One of the most powerful location site search solutions is offered by Liventus. Your website or app can filter, and rank thousands of location search results based on the users’ desired trip time and mode of transportation using the Liventus API. Not only does ranking location search results by time exclude difficult-to-reach places, but it also allows your users to compare locations side by side and convert quicker with the site search solution offered by Liventus.
Step 6: Brainstorm the content of your pages.
Your home page should cover the following:
Your product pages should essentially be about-
- Product title, a brief product description, high-resolution photos of the product from different angles, price, payment methods (credit cards, PayPal, Venmo, financing, and more), color, and size options.
- Shipping details
- Add to Cart button (you may alternatively include a Wish List button for consumers who are not ready to buy right now)
- Additional product specs
- Social network sharing buttons
- Related products based on customer’s search.
Step 7: Don’t Neglect Other Pages
- About Us Page
- Contact Us Page
- FAQs Page
- Privacy Policy
- Return Policy
- Company Blog
Organizing Items in your E-commerce Website
Organizing and categorizing your eCommerce website can help with increasing sales and customer footprint. Here is how product categorization is done for an Ecommerce website below-
- Build your category tree: Start with broad categorization and narrow down to more specific ones. to many smaller ones. Product types are usually grouped as nouns in categories and subcategories.
Home > Clothing > Women’s Clothing > Bottom Wear> Jeans
- Attributes: Each product will relate to qualities that better explain it. These qualities may be used as filters to help users narrow down their choice. Qualities or dimensions such as color, fabric, brand, and size are all attributes to consider.

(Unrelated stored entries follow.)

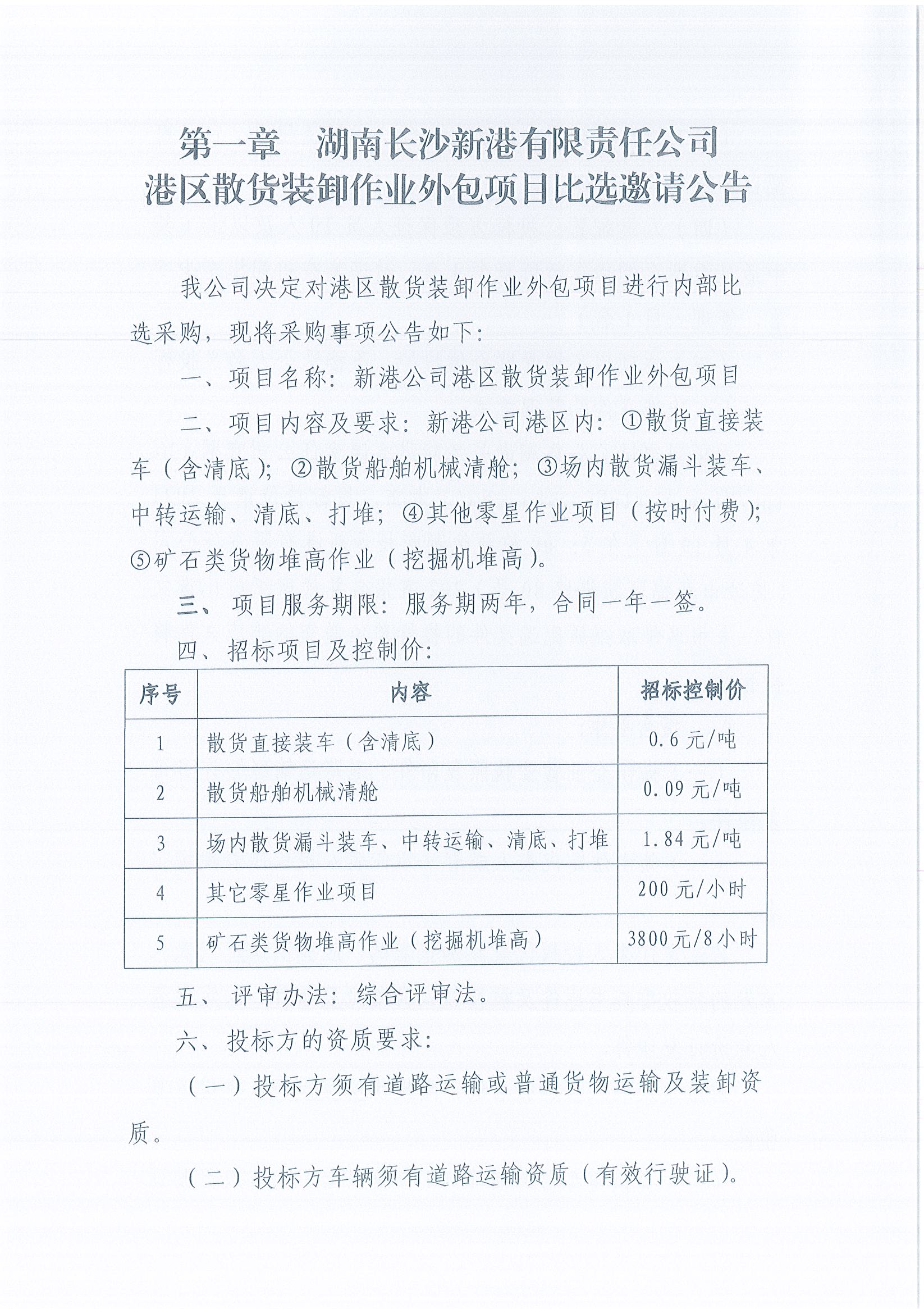 湖南長(zhǎng)沙新港有限責(zé)任公司港區(qū)散貨裝卸作業(yè)外包項(xiàng)目比選邀請(qǐng)公告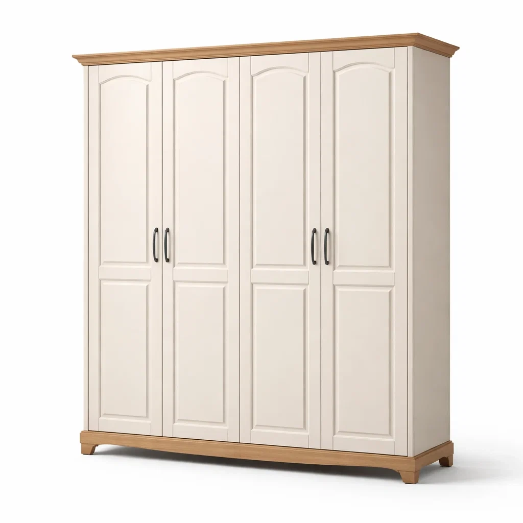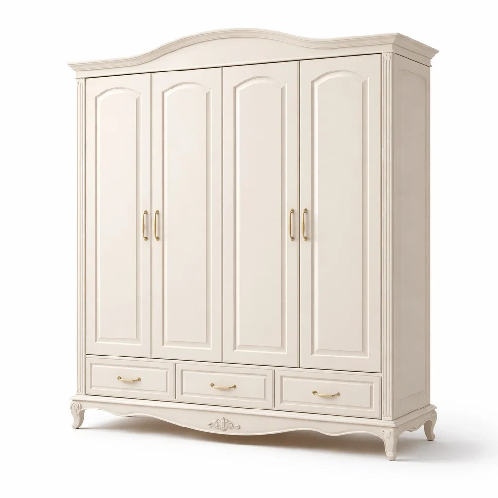 Armoire en bois avec 4 portes et 3 tiroirs crème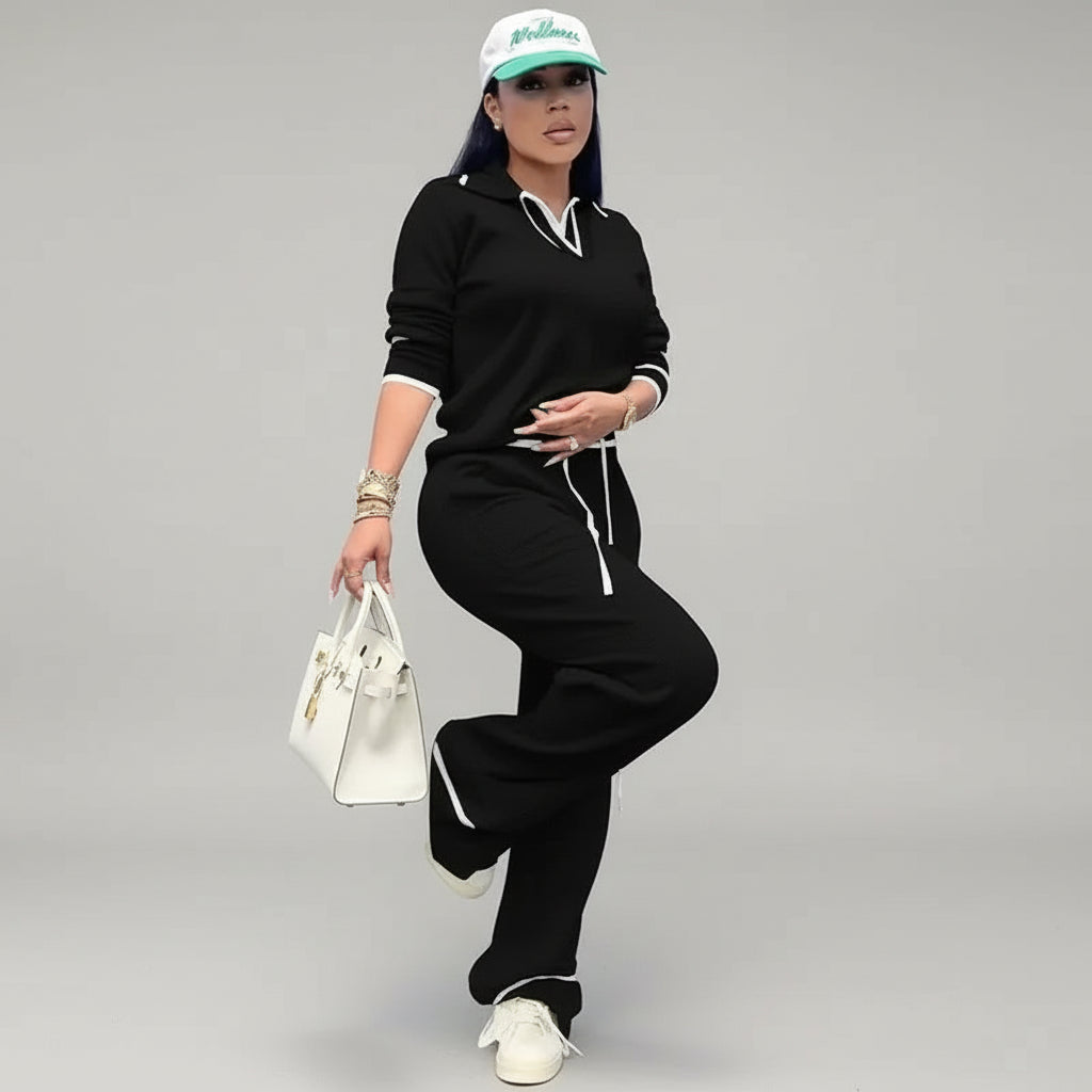 Stay effortlessly stylish with this striped sweater top and matching wide-leg jogging pants set. Designed for comfort and elegance, this outfit is perfect for casual days, travel, or light workouts.
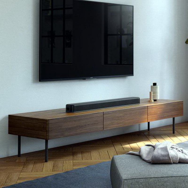 Теперь вы можете наслаждаться всем, что вы смотрите в максимальном 7.1.2ch. Наша продвинутая цифровая обработка сигнала преобразует даже стереозвук в кинематографический объемный звук одним нажатием кнопки на пульте дистанционного управления. Имея размеры всего 890 x 64 x 96 мм, саундбар Sony HT-X8500 является тонким, компактным и ненавязчивым и дополняет ваш телевизор BRAVIA. Отличительными элементами дизайна являются перфорированная металлическая решетка динамика и каналы сабвуфера с обеих сторон.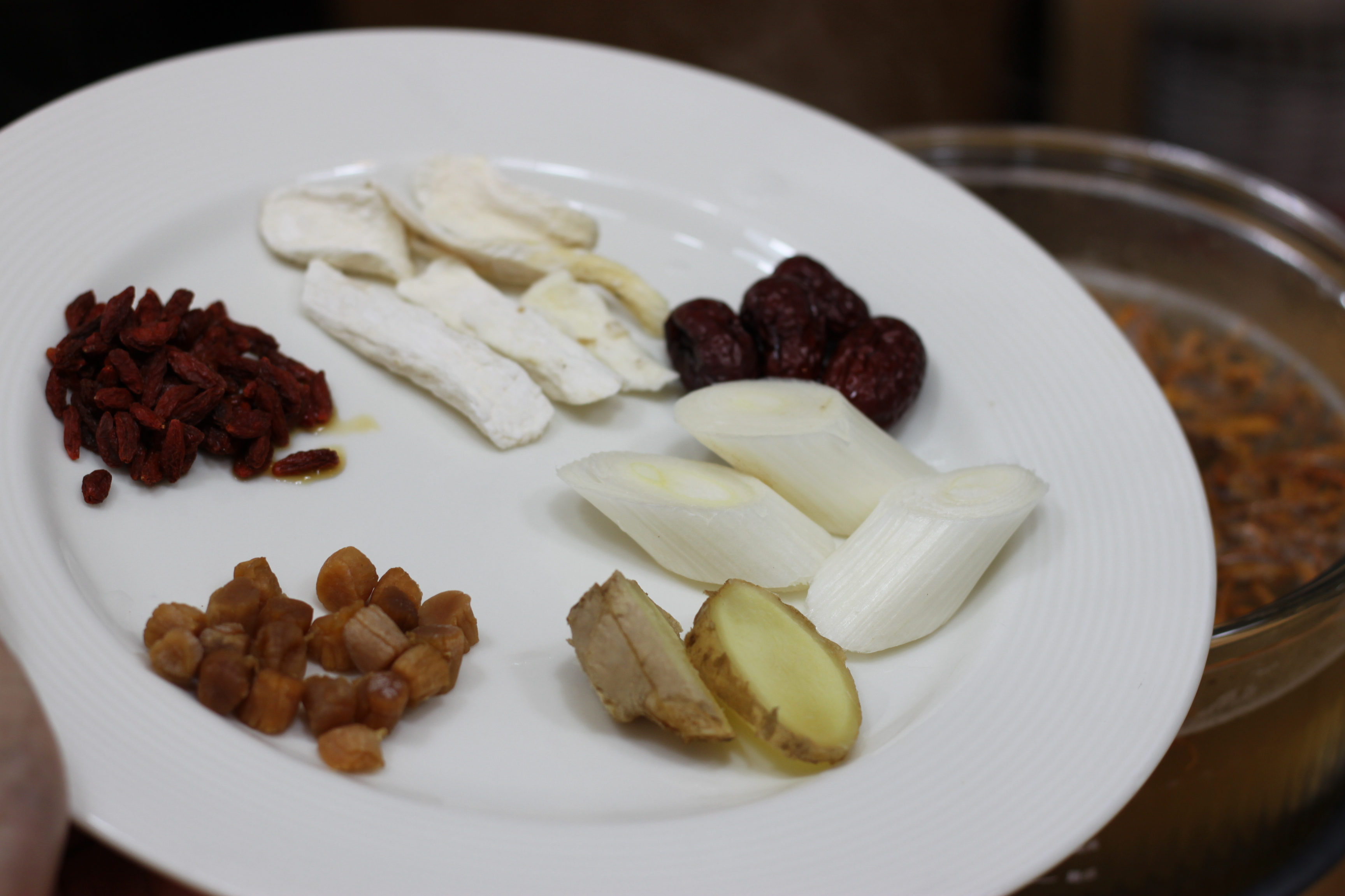 6. 加入干贝,山药,红枣,枸杞子,葱段,姜片,使用快煮功能烧开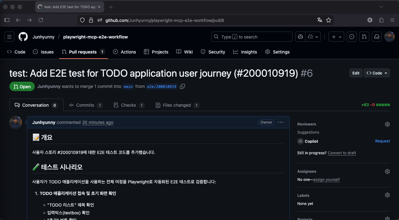 프롬프트 실행이 완료된 후 AI 에이전트가 명시한 링크로 이동하면 풀 리퀘스트가 만들어진 것을 볼 수 있다.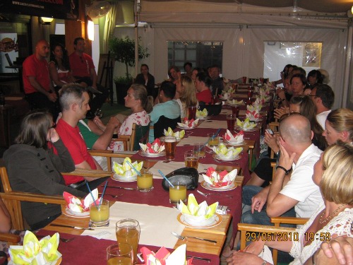 Vor dem Essen war noch das große „Danke sagen“ angesagt wo folgende Geschenke bei herausbekommen sind. Jeder Teilnehmer hat eine recht professionell gestaltete Urkunde für die Teilnahme bekommen. Unsere Gastgeber erhielten einen Blumenstrauß der stellvertretend von der Inhaberin des Mai Tai entgegengenommen wurde und eine Eistorte für die Veranstalter, die aber von allen nicht gegessen, sondern dem Erdboden gleichgemacht wurde. Eine Gruppe hatte noch den alten ABBA Gassenhauer „Thank you for the music“ umgedichtet, welches dann von unserem 4 (vielleicht sind es auch 5 – Ich bin da nicht so der Profi) Oktaven Goldkehlchen vorgetragen wurde.
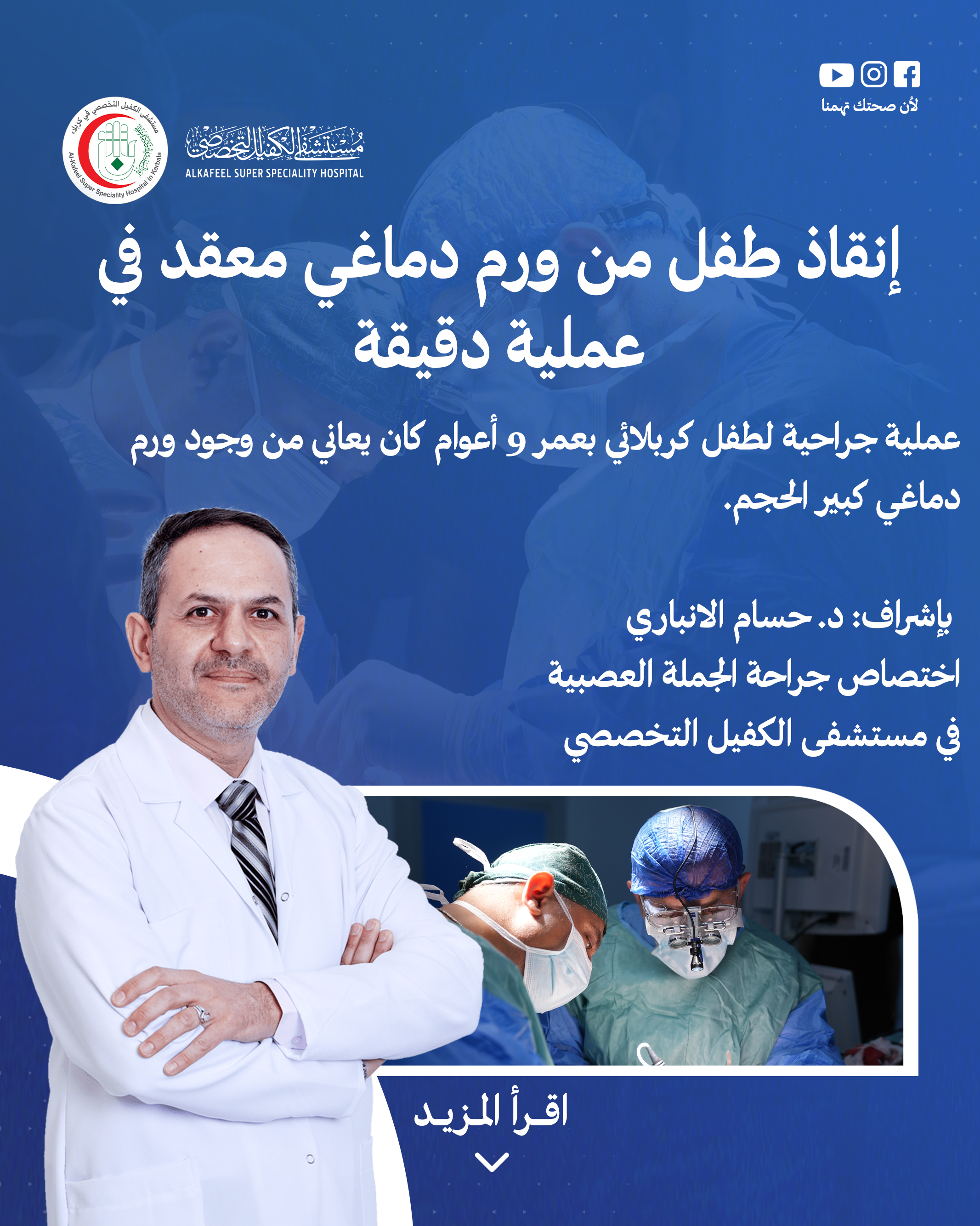وأشار الانباري إلى إن هذه العملية تمثل خطوة مهمة في علاج المرضى الذين يعانون من أورام دماغية كبيرة، وتظهر قدرة الفريق الطبي الجراحي على التعامل مع الحالات المعقدة#مستشفى الكفيل التخصصي #متخصص بجراحة الجملة العصبية #الدكتور حسام الانباري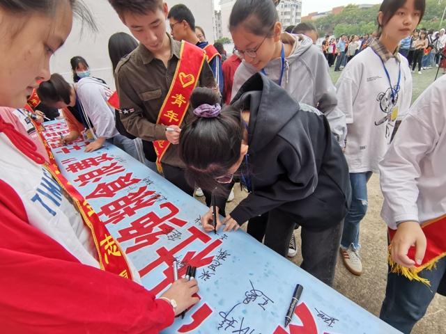 活动最后,学生代表来到台前,在横幅上签下自己的名字,大家郑重承诺将从自身做起,用实际行动表达对节约粮食、反对浪费的响应与支持。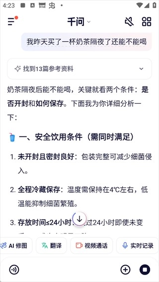 千问软件整合了丰富多样的资源内容,用户能够借助它搜索各类想了解的问题,只需把自身需求输入软件,AI大模型就会依据这些需求给出相应回答,以此满足不同用户的需求,助力用户解决问题。软件界面简洁清爽,功能完备且实用,用户可以在其中挑选适合的功能使用,还能上传图片、视频、文件等多种资源,软件会提取并整理这些信息内容,为每位用户提供服务,从而解决用户的需求。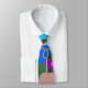 Esta design de gravata se parece com ornamentos em vermelho, verde, azul, rosa, ouro, prata e branco em uma árvore de Natal.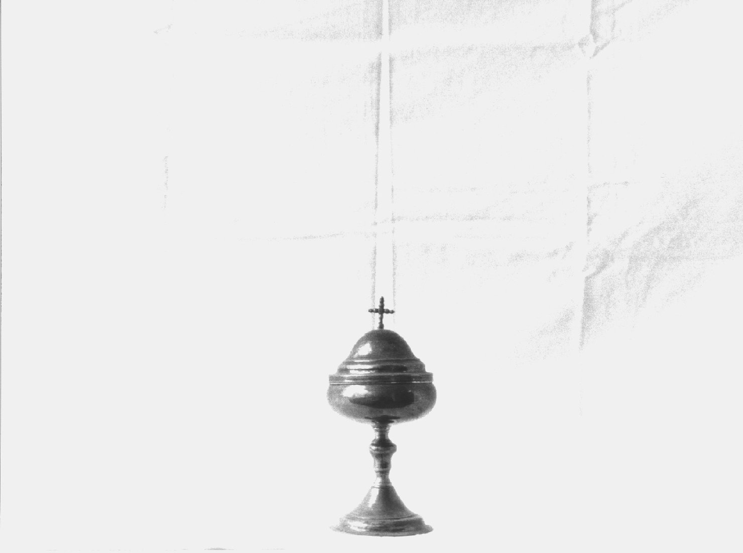 PISSIDE IN ARGENTO CON INTERNO DORATO. IL COPERCHIO E' SORMONTATO DA UNA PICCOLA CROCE A NODULI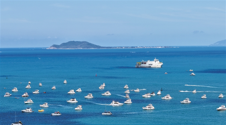 6月24日,众多游艇在海南三亚湾海面上驰骋(无人机照片)。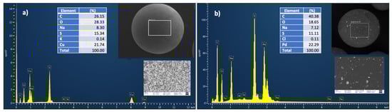 Catalytic resins loaded with copper or palladium species were analyzed by FESEM and EDX experiments. The distribution of both palladium and copper on the 3D-printed spherical bead surfaces were experimentally confirmed. Nanoparticles were found both within the resin and on the surface. The EDX analysis of the samples showed that the loading levels of both species were similar, 21.7% [IRA-Cu(0)] and 22.29% [IRA-Pd(0)]. As can be seen in Figure 1, the dispersion of the metal is more uniform along the surface of IRA-Cu(0) than in IRA-Pd(0).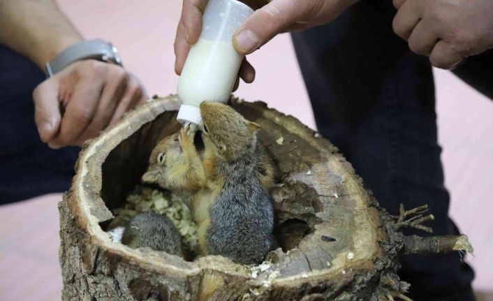 Kütükten çıkan 3 sincap yavrusu biberonla besleniyor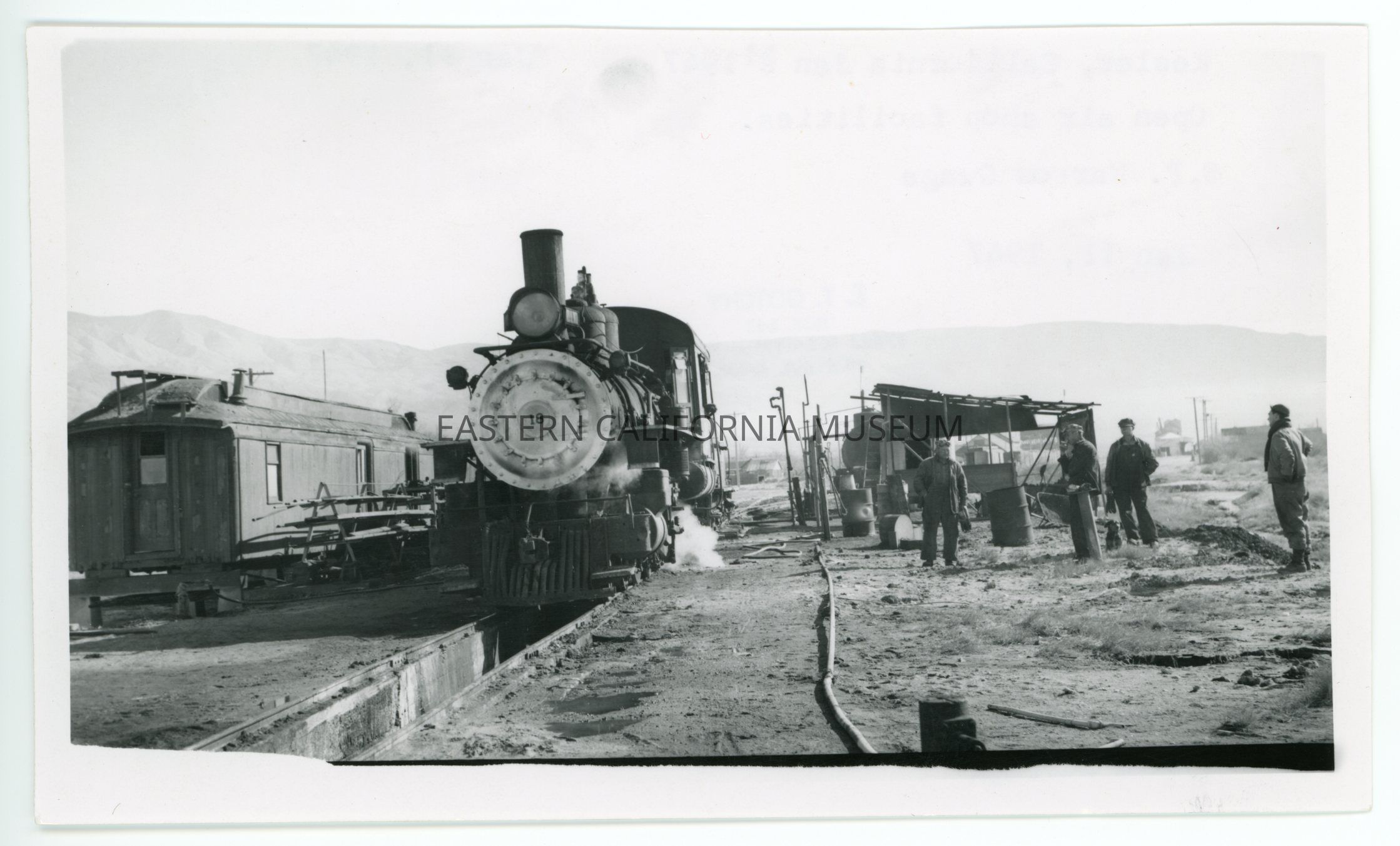 Typewritten on reverse: Keeler, California, Jan. 11, 1947 [date typed three times]. Open air shop facilities. S.P. Narrow Gauge.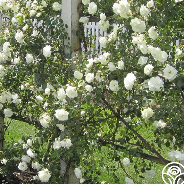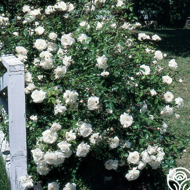 White Dawn® features fully double, ivory white blossoms with golden centers borne continuously and in abundance. Everyone falls in love with her gardenia-like form and long-lasting dark foliage that is nearly evergreen. White Dawn® is a strong Climber that will reach heights up to 15’ tall and a width of 6’. This repeat bloomer thrives best in Zones 6-10.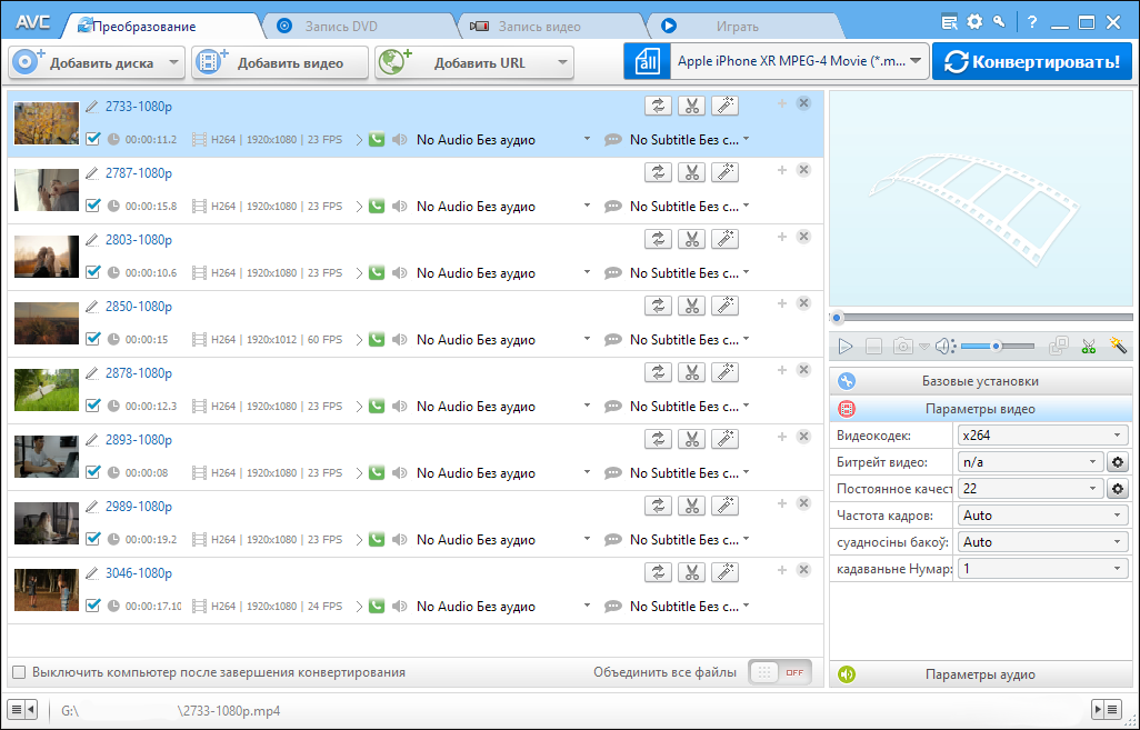 - Неудобная настройка конвертирования — сначала нужно выбрать шаблон с подходящим контейнером и только затем можно поменять доступные для этого случая параметры.

- Values: Each attribute (or facet) will have a set of unique values associated with it, represented as adjectives. This means they cannot stand alone in a phrase and must be used to describe something, such as red clothing. Values for the filter ‘Size’ might be 8, 10, 12, 14, and so on.
Inventory management for an eCommerce website
When it comes to inventory management for your eCommerce site, follow these guidelines:
- Recognize that demand for your items might change over time.
- Keep track of how your clients buy items and which ones sell quickly and which do not sell as fast. This can help you predict future demand and determine the items you should avoid stocking in your warehouse.
- To keep track of supplies by using inventory management software.
Liventus offers an inventory management technology that allows eCommerce businesses to manage and list items across numerous sales channels. Users may link listings to SKUs automatically to avoid repeat input and optimize efficiency. The inventory management solution offered by Liventus was created with the very goal of making multi-channel inventory management simple.